Abstract Body (Do not enter title and authors here): Introduction: Specific ceramides play a crucial role in cellular senescence by upregulating the SASP in the vasculature, leading to atherosclerosis in the aging population. Gut microbiota is emerging as a regulator of circulating ceramides in the host. However, it remains unknown what/how gut bacteria causally regulate ceramide-induced perivascular adipose tissue (PVAT) and endothelial cell (EC) senescence in aging.
Methods: To address the knowledge gap in gut-derived ceramides and their regulation of (peri)vascular aging, we performed high-throughput multi-omics (fecal shotgun metagenomics and plasma LC-MS/MS lipidomics) coupled with bacterial colonization, senescence, and cell-cell interaction studies.
Results: Our metagenomic and plasma lipidomic studies on human (TwinsUK Aging Cohort, n=900; Aging Heart Zurich Cohort, n>800) and mouse (>24 vs. 3 months, n=6) aging cohorts pinpointed a higher abundance of Bacteroides thetaiotaomicron (B. theta) harboring the serine palmitoyltransferase (SPT) gene, synthesizing deleterious ceramides C18:1/16:0 and C18:1/18:0 in old hosts. Importantly, plasma levels of the ceramides were positively associated with major adverse cardiovascular events (MACE) in atherosclerotic CVD patients within the Aging Heart Zurich Cohort (n=105).

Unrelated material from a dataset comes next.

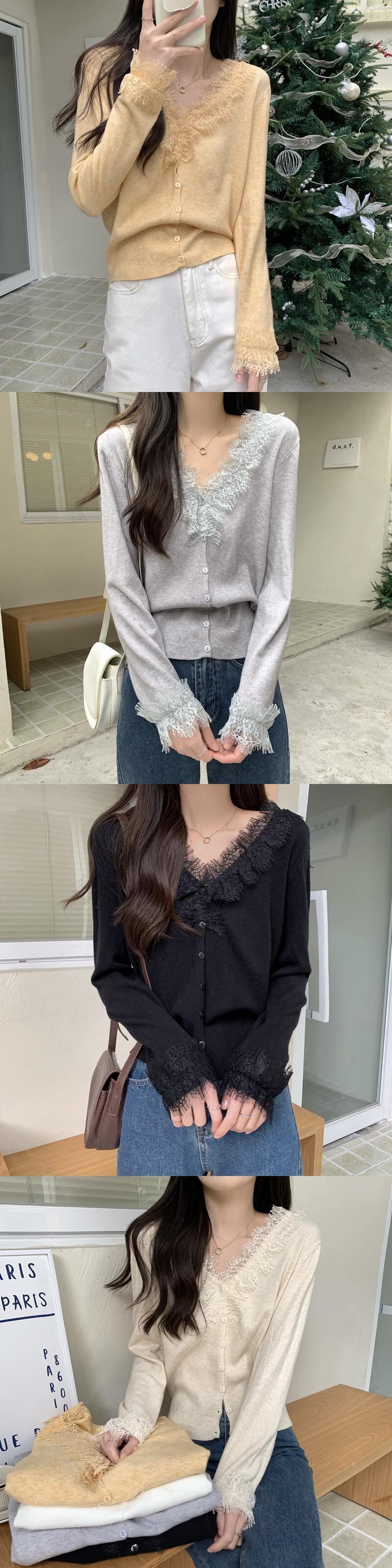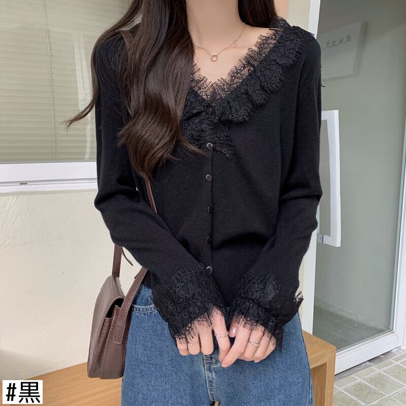 2022年初春新作優しいスタイルデザインセンスニッチボトミングセーターVネックレースステッチカーディガンセーター スプリング 春物 yingd45864516369

In vivo colonization of young mice with B. theta (4-weeks) confirmed a marked increase in circulating Cer 18:1/16:0 and 18:1/18:0, accompanied by higher signals of the SASP component IL6 and the proliferative arrest marker p16^INK4a in aortic PVAT and ECs. These mice also exhibited reduced vasorelaxation responses and angiogenic incompetence.
As a proof of concept, our PVAT-EC co-culture studies demonstrated that addition of the ceramides induces senescence and dysfunction in PVAT by upregulating Notch1 signaling. This upregulation increases IL1β and its downstream IL6, leading to the downregulation of adipocyte function markers UCP1 and adiponectin. The released IL6 also induced a senescence phenotype in ECs, evidenced by increased SA-β-gal activity, DNA damage response (↑ γ-H2A.X), telomere attrition (↓ hTERT), and proliferative arrest (↑ p16^INK4a & p19^INK4d).
Conclusion: This research identifies B. theta as a causal contributor to deleterious ceramides in the host circulation, leading to (peri)vascular senescence and dysfunction in aging. Targeting B. theta offers a novel microbiome-based approach to decelerate (peri)vascular senescence and extend healthspan, with potential clinical applications.